McConaughey has always been fascinated by people and cultures. That is why he became the minister of culture of the University of Texas’ new basketball and entertainment facility in 2019. He strongly believes that in this position, he can preserve and promote values and competence across cities.

Camila

McConaughey’s biggest dream in life had always been to become a father. In his mid-thirties, he was looking for the woman to spend his life with and who would make his dream come true. But then he had another spiritual wet dream, in which he appeared as an unmarried bachelor with 88 children.

So, he stopped looking for “the one,” because he realized he could become a father without a wife. And then he met Camila. In late 2006, he saw her for the first time at a bar, where, according to him, she did not walk but floated over the ground. She had a drink with him, and that was the start of their long-term relationship which eventually culminated in marriage in 2012.

Much to his mother’s horror, they only decided to get married after having had two children already. McConaughey grew up in a religious family, but nevertheless the prospect of marriage scared him. He was finally prompted to take the step by his three-year-old first-born son Levi, who directly asked him if he was scared of marrying his mother.
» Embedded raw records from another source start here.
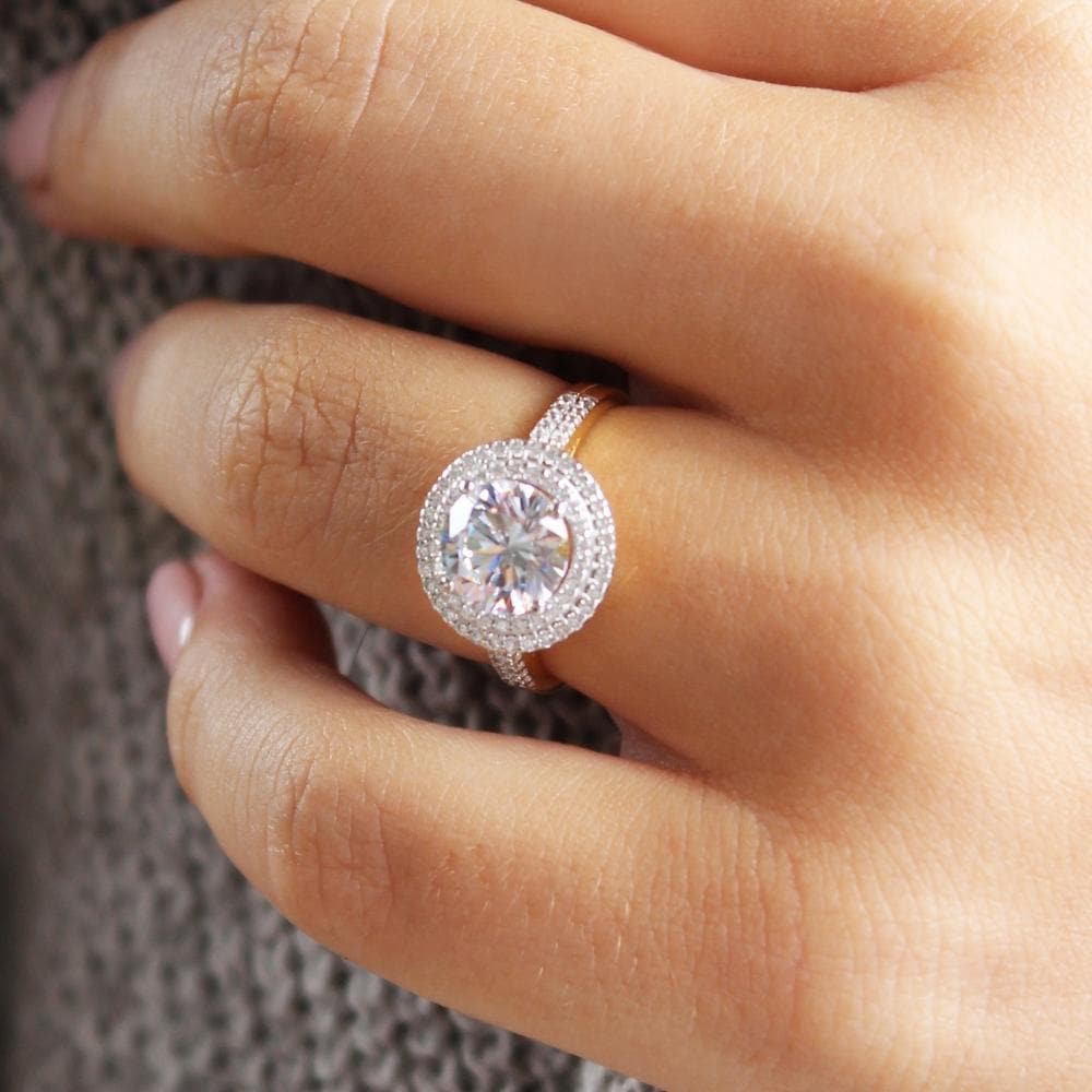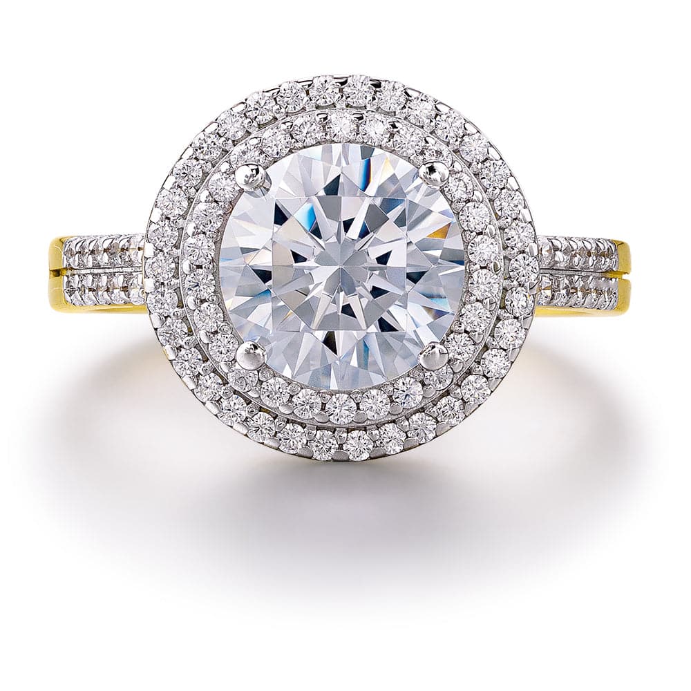 Double the halo, double the sparkle. Our Double Halo Ring features a 2 ct. flawless Tru-Diamonds™ centre gem, surrounded by a double halo, giving it extraordinary brilliance – so expect compliments! It's an ultimate show-stopper!
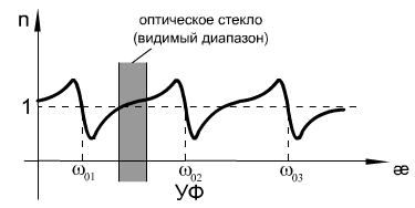 В области аномальной дисперсии наблюдается сильное поглощение света.
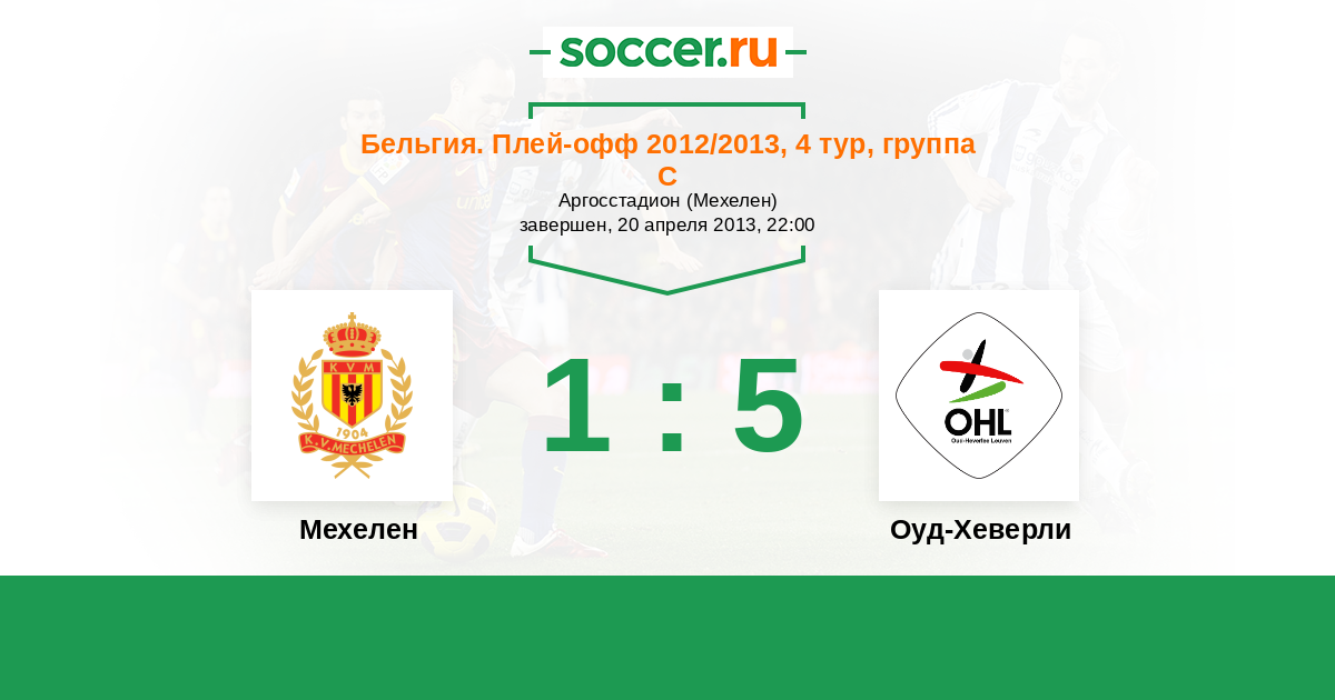 Бельгия. Про-Лига 13.04.2013 Оуд-Хеверли Логотип футбольный клуб Оуд-Хеверли (Левен) 0:3 Логотип футбольный клуб Мехелен Мехелен
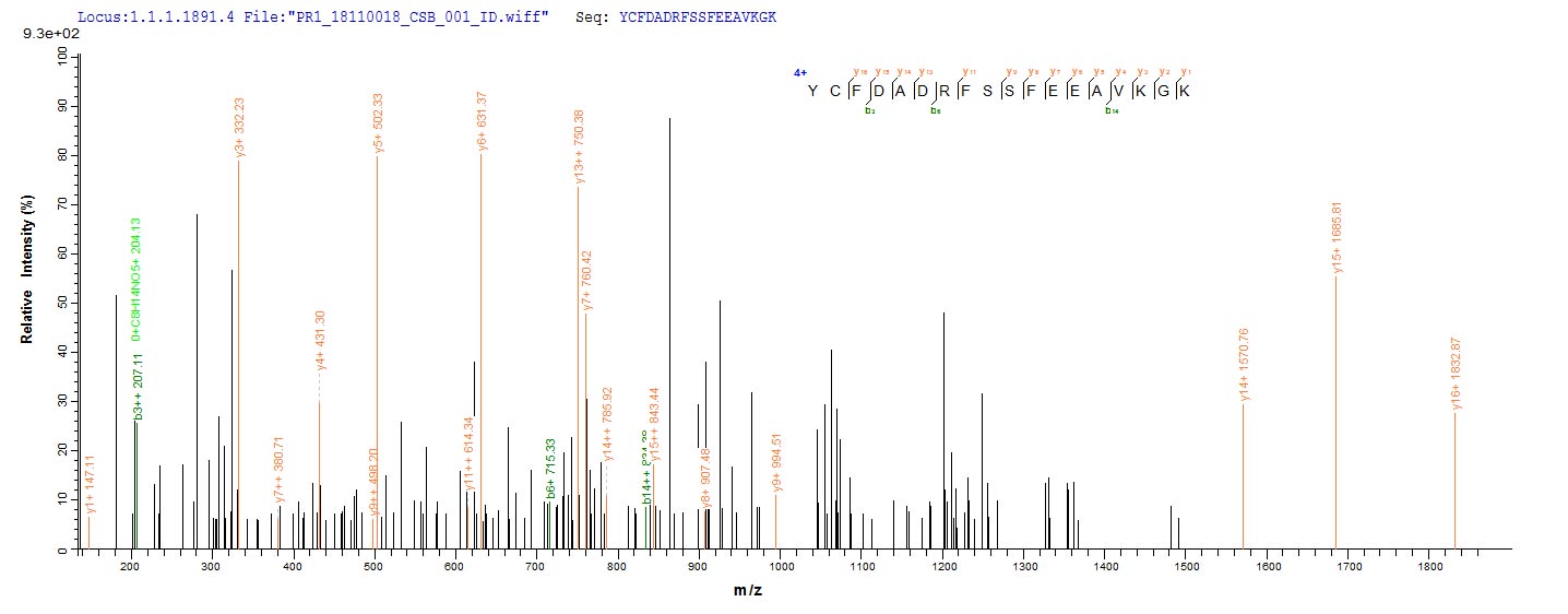 Based on the SEQUEST from database of Yeast host and target protein, the LC-MS/MS Analysis result of CSB-YP019068HU could indicate that this peptide derived from Yeast-expressed Homo sapiens (Human) PTPRZ1.

Eventually McConaughey realized though that far from stealing his sense of self or independence, a marriage with Camila would enlighten it. Both, from the start, had fiercely independent personalities. He knew he wanted to spend the rest of his life with her, so they had a three-day wedding feast including a Catholic priest, a pastor, and a Candomblé priest. By this point, Camila was pregnant with her third child.

Happy in his personal life, his career also took off and culminated in winning the Academy Award for Best Actor in 2014 for his role in ”Dallas Buyers Club.” McConaughey describes the résumé of his life at that point as the following, “Rather than struggle against time and waste it, let’s dance with time and redeem it, because we don’t live longer when we try not to die, we live longer when we’re too busy livin.”

Final Notes

Matthew McConaughey is someone for whom life is easy. Opportunities come his way, and he has an incredibly positive outlook on life. He believes that to live life to its fullest, we should take the opportunities that are given to us and enjoy the journey. 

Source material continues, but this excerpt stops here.